__Material provided__
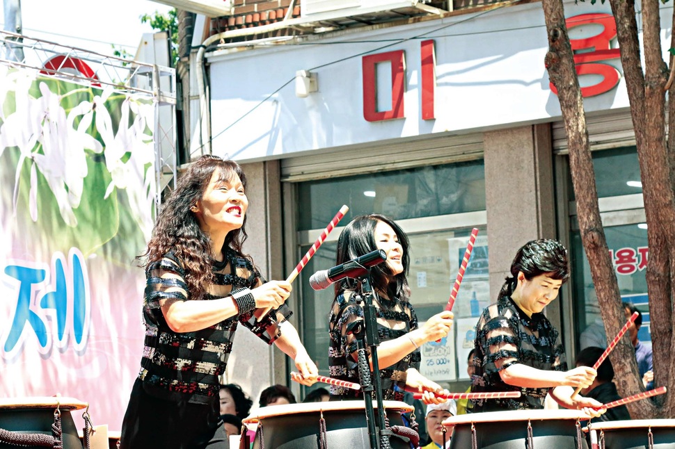 한복을 곱게 차려입은 여인들이 민요를 부르고, 흥에 겨운 어르신들이 어깨춤을 춘다. 한쪽에선 부침개를 부치고 잔치국수를 내느라 여념이 없다. 여기저기 둘러앉아 준비된 음식을 즐기고 흥겨운 노랫가락을 감상한다. 아이들은 엄마 손을 붙잡고 신기한 듯 이곳저곳을 둘러본다. 옛 시골의 마을잔치 풍경처럼 보이지만, 지난 7일 열린 서대문구 북가좌2동의 ‘이팝꽃길 축제’ 현장이다.
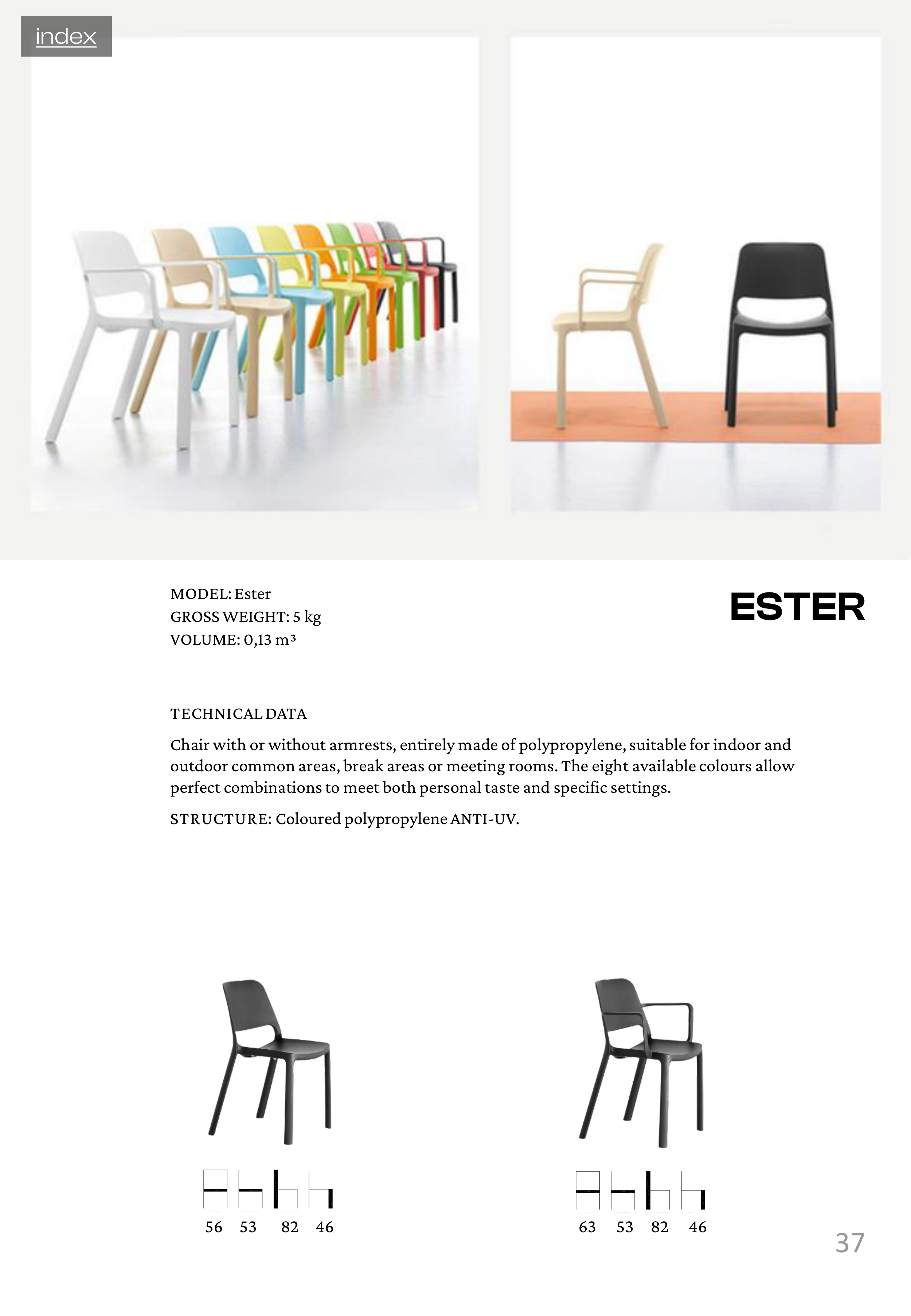 Chair with or without armrests, entirely made of polypropylene, suitable for indoor and
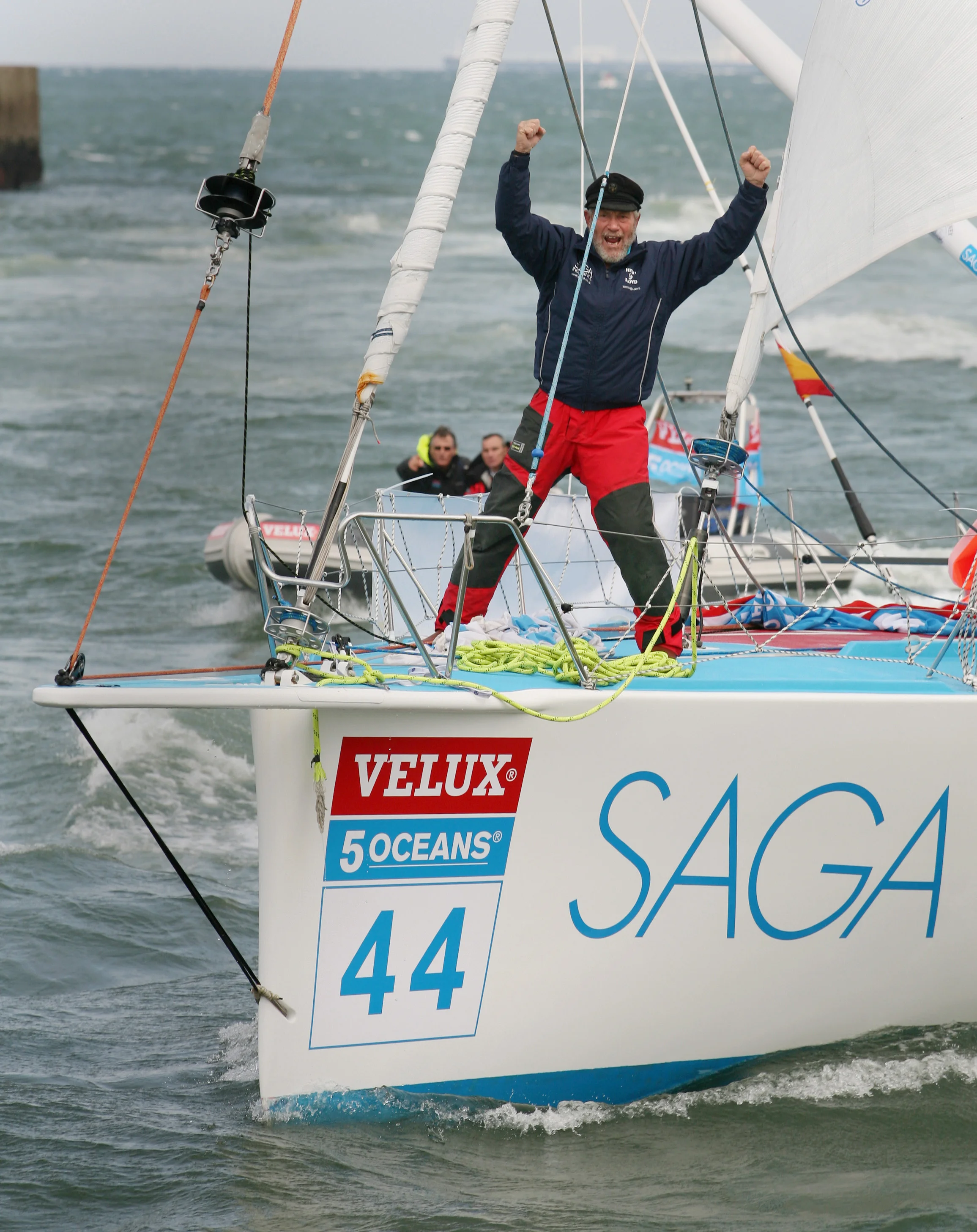 As the 2006 Velux5Oceans race came closer, RKJ became interested in entering, partly because he needed to draw a line in his life having lost his wife, and partly because people said that at 67 years of age he was too old to sail around the world, and certainly not in an Open 60 yacht. There was alos a curiosity to see how these modern boats behaved in thewatery Himalayas of the Southern Ocean. In May 2006 he bought "Fila" the boat that Giovanni Soldini had won the Around Alone Race in 1998 before it was re-named the Velux5oceans race. Having been Chairman of the BOC Challenge in 1982 and 1986, before that was re-christened Around Alone, RKJ found himself having to comply with a rule he had made himself in 1982, namely the need to qualify! He did this with a voyage to Halifax, Nova Scotia, and back and then started a major re-fit.
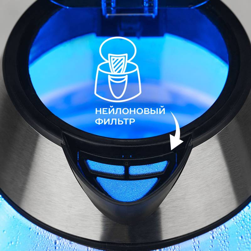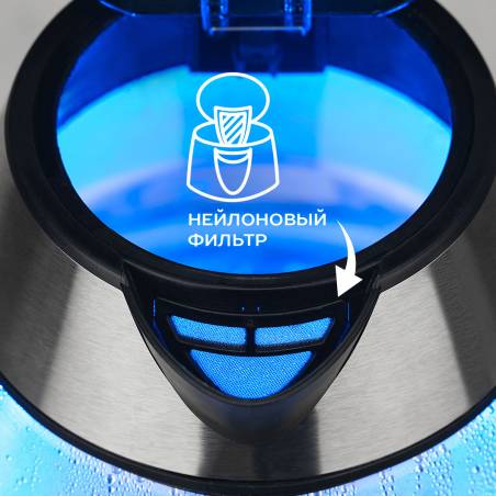 - кнопка открытия крышки, подсветка воды, фильтр от накипи

__Activity__
Repeat the listing above up to and including the line with "Chair with or", starting from its first line. Drop any pictures.

__Solution to this problem__
 한복을 곱게 차려입은 여인들이 민요를 부르고, 흥에 겨운 어르신들이 어깨춤을 춘다. 한쪽에선 부침개를 부치고 잔치국수를 내느라 여념이 없다. 여기저기 둘러앉아 준비된 음식을 즐기고 흥겨운 노랫가락을 감상한다. 아이들은 엄마 손을 붙잡고 신기한 듯 이곳저곳을 둘러본다. 옛 시골의 마을잔치 풍경처럼 보이지만, 지난 7일 열린 서대문구 북가좌2동의 ‘이팝꽃길 축제’ 현장이다.
 Chair with or without armrests, entirely made of polypropylene, suitable for indoor and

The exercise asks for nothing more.